We were lucky in that [we were able to] go back to the miR-29a example, which is co-transcribed with [miR-29b]. As the names suggests, they’re very similar to each other in sequence, but they behave dramatically differently: miR-29a is stable throughout the cell cycle, while miR-29b is degraded very rapidly except during mitosis; miR-29a is primarily cytoplasmic like other microRNAs that have been studies, where as miR-29b is predominantly nuclear, which is unique.
 
But the advantage that we had was that miR-29a and b only differ at a couple of positions in their sequences. We first synthesized the fully processed versions of miR-29 a and b, put them into cells, and they behaved just like the endogenous microRNAs. That told us the sequences that are dictating these behaviors had to be just within the mature microRNA sequence itself. That really narrowed it down and allowed us to define the sequence.
 
There are only two regions that are different between miR-29a and b. There is a central position, single nucleotide change, and then the last six nucleotides are different. We did swapping experiments where we found that if we took the last six nucleotides of miR-29b and stuck them on a, it directed a into the nucleus where it behaved like b. That central position difference had no effect on the sub-cellular localization.
 
Do you expect that these six nucleotides may also play a role in why miR-29b gets degraded?
 
That’s an excellent question and obviously something we’re very interested in figuring out. Our original idea was that this might target [the miRNA] for degradation. It’s not quite that simple, we found. One of the things we were able to show is that we can put these last six nucleotides on unrelated small RNAs and it will alter their trafficking, as well, and they can go to the nucleus. We’ve done this for several examples now, but don’t know how completely generalizable that is.
 
To some extent, these [six nucleotides] function as a nuclear-localization element, and at this point we’re testing how generalizable that is. We thought that these other small RNAs that we tagged with this motif may also be degraded like miR-29b, but that turned out not to be the case. They were stable.
 
That was surprising to us, but it is somewhat useful; if we’re able to develop this motif as a tool, and we still really need to show that we can, these nuclear small RNAs we create won’t be unstable.
 
We think there is a complex interplay between the nuclear localization of miR-29b and some of the sequences within the small RNA that can target it for degradation, but within the nucleus only. We’re trying to work that out … but it’s not quite as simple as we originally thought.
 
So you’re trying to see if this localization feature can be applied to small RNAs.

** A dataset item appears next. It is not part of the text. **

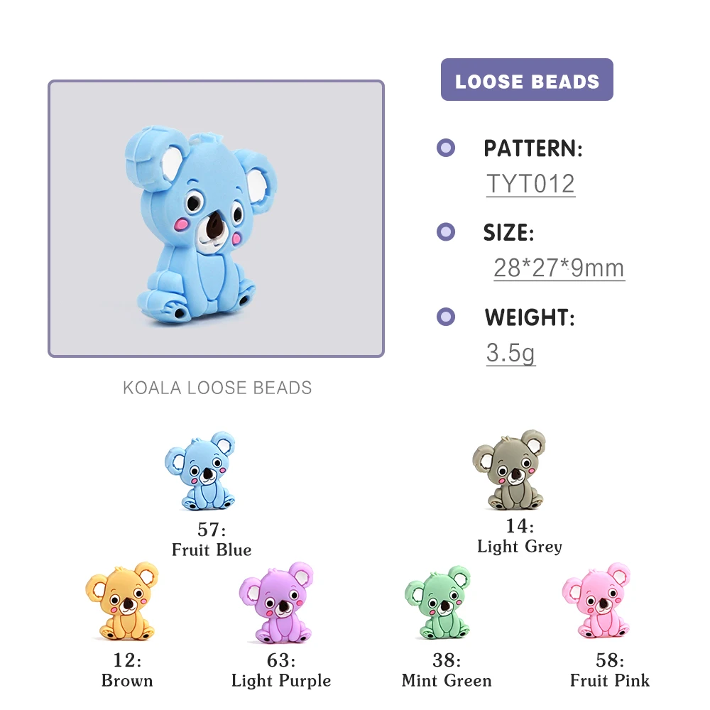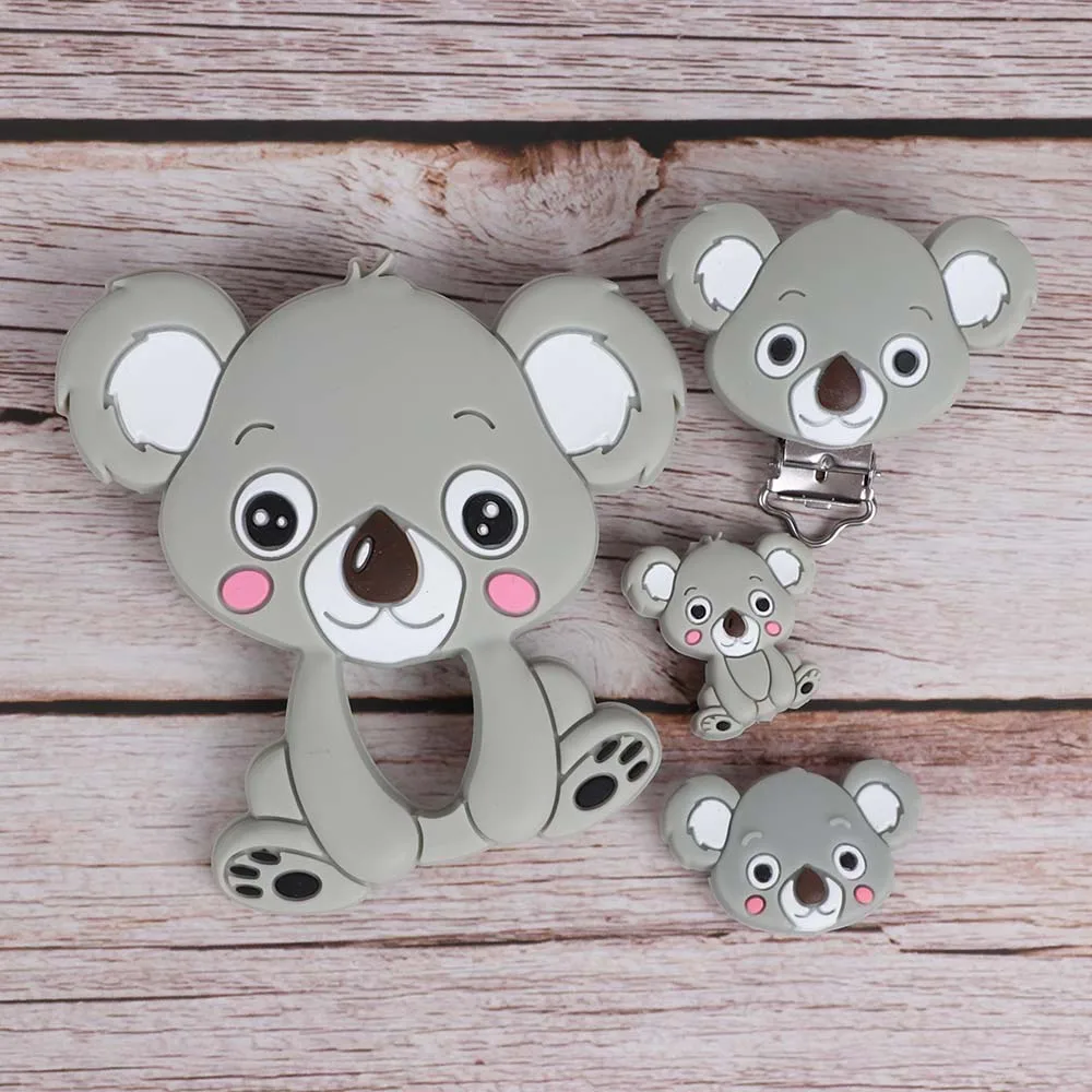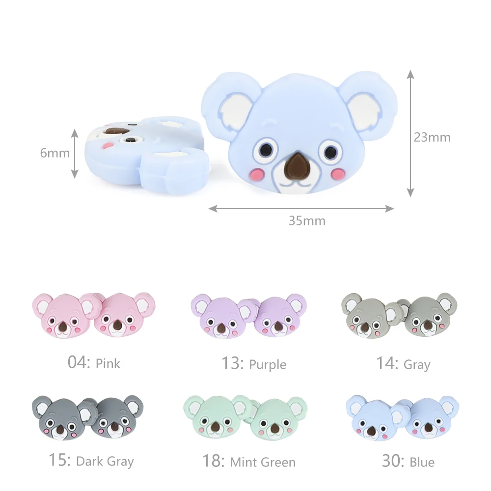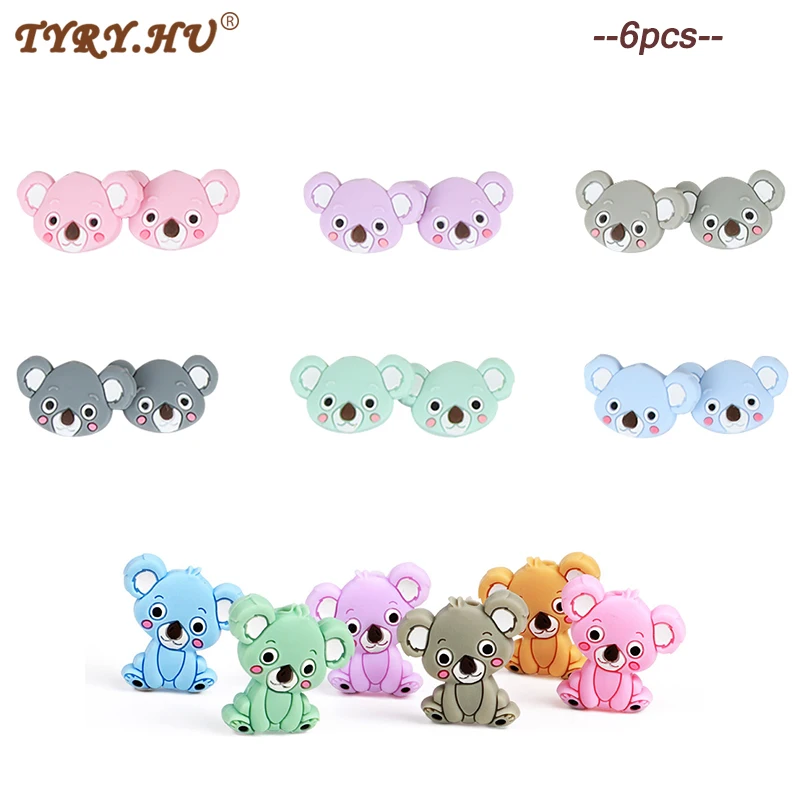 Comprar TYRY.HU, 6 uds., cuentas de Koala, Clips para chupete de cartón, cuentas de silicona de calidad alimentaria, varilla pequeña, Mini mordedor para bebé

If it can be, what do you see as the applications [for the technology]?
 
One of the things we’re interested in and currently testing is whether we can enhance the efficiency of using small RNAs to target nuclear events in gene expression such as transcription. There have been somewhat variable reports on the ability of using siRNA to silence transcription by targeting promoter regions. At least in one paper, it was suggested that a rate-limiting step in getting that to work is getting the siRNAs to the nucleus. There is a paper where they actually permeabilized the nuclear membrane and that enhanced the efficiency. So perhaps by targeting small RNAs to the nucleus with this motif, we can enhance the efficiency of that process.
 
It also would be of interest to determine whether we can use small RNAs to affect later steps in nuclear gene expression such as RNA processing.
Another obvious question that we’re actively pursuing is: How is this [six-nucleotide] motif recognized and what is the mechanism of import. There isn’t really a basis in our current … understand of RISC assembly to account for how this microRNA is recognized as being different from the others. So understanding that mechanism is a priority for us.